You should read the ruling in more detail, the judge explains the reasoning behind why he found the way that he did. For example:

Authors argue that using works to train Claude’s underlying LLMs was like using works to train any person to read and write, so Authors should be able to exclude Anthropic from this use (Opp. 16). But Authors cannot rightly exclude anyone from using their works for training or learning as such. Everyone reads texts, too, then writes new texts. They may need to pay for getting their hands on a text in the first instance.
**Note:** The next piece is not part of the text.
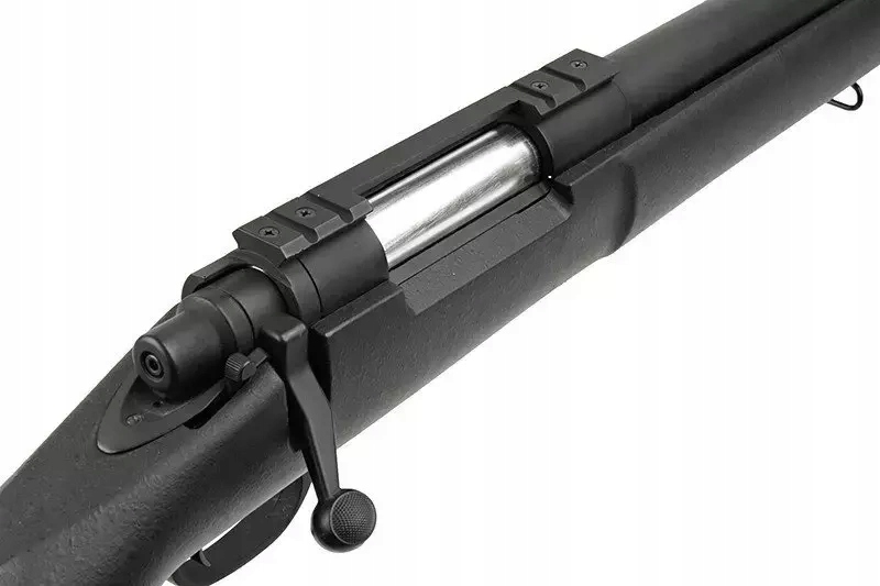 Репліка CM702 виробництва CM — це репліка популярної снайперської гвинтівки в пружинному варіанті, оснащена чотирьохзрубним замком. Ложа рушниці виготовлена з дуже міцного високоякісного армованого пластику чорного матового кольору. Приклад завершується зручним затильником із товстої гуми. Цікаво, що затильник має можливість плавного регулювання, що дозволить підлаштувати довжину рушниці під комплекцію та вподобання стрільця. Також на ліжку є дві металеві ручки для кріплення тактичного ременя/стропи, а також сталевий адаптер для сошок. Репліка надходить до нас двома частинами, що полегшує транспортування. Їх складання займає буквально мить і вимагає використання кількох гвинтів з шестигранним шестигранником.

But to make anyone pay specifically for the use of a book each time they read it, each time they recall it from memory, each time they later draw upon it when writing new things in new ways would be unthinkable.

This isn't "oligarch interests and demands," this is affirming a right to learn and that copyright doesn't allow its holder to prohibit people from analyzing the things that they read.

[–] realitista@lemmy.world 5 points 6 days ago (2 children)

But AFAIK they actually didn't acquire the legal rights even to read the stuff they trained from. There were definitely cases of pirated books used to train models.

[–] FaceDeer@fedia.io 11 points 6 days ago (1 children)

Yes, and that part of the case is going to trial. This was a preliminary judgment specifically about the training itself.

[–] booly@sh.itjust.works 2 points 4 days ago

specifically about the training itself.

It's two issues being ruled on.

Yes, as you mention, the act of training an LLM was ruled to be fair use, assuming that the digital training data was legally obtained.

The other part of the ruling, which I think is really, really important for everyone, not just AI/LLM companies or developers, is that it is legal to buy printed books and digitize them into a central library with indexed metadata. Anthropic has to go to trial on the pirated books they just downloaded from the internet, but has fully won the portion of the case about the physical books they bought and digitized.